Nor do many know, as Elaine revealed, that Mike is related to Albert Einstein, a cousin on his mother’s side, according to Professor Henry Louis Gates’ research at Harvard University. Paul Simon and Art Garfunkel dueted on their infamous Mrs. Robinson, from The Graduate, the 1967 classic directed by Mike, whose credits reach back to Broadway in 1963 and his breakthrough direction of Neil Simon’s Barefoot in the Park starring Robert Redford and Elizabeth Ashley, a hit that ran for 1,530 performances.

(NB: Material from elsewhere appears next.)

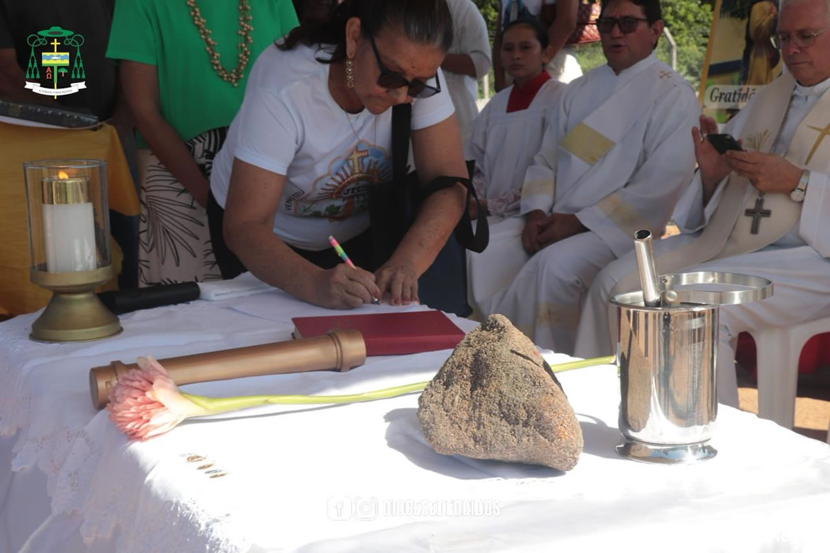 A Pedra Fundamental, abençoada durante a cerimônia, simboliza Jesus Cristo, a base sólida da Igreja. Em um espaço de destaque, foram depositados documentos que registram a história do projeto, assinaturas dos participantes e medalhas milagrosas — elementos que, juntos, eternizam este início e marcam a memória de todos os envolvidos.

More Broadway followed, as did any number of films that included Who’s Afraid of Virginia Woolf starring Elizabeth Taylor and Richard Burton. Television beckoned with HBO’s award-winning Angels in America, and Mike’s among those few artists receiving Oscar, Tony, Emmy and Grammy awards.
Presenting the award, Meryl Streep explained, that “When you’re directed by Mike, he makes you believe you are the only person in the world, and that makes you believe in yourself.”
Responding to the praises and humor of the evening from his industry colleagues, Mike sighed. “Now, if I thanked everyone who contributed to my life over the years, we’d be here until Miley Cyrus receives her AFI Life Achievement Award.”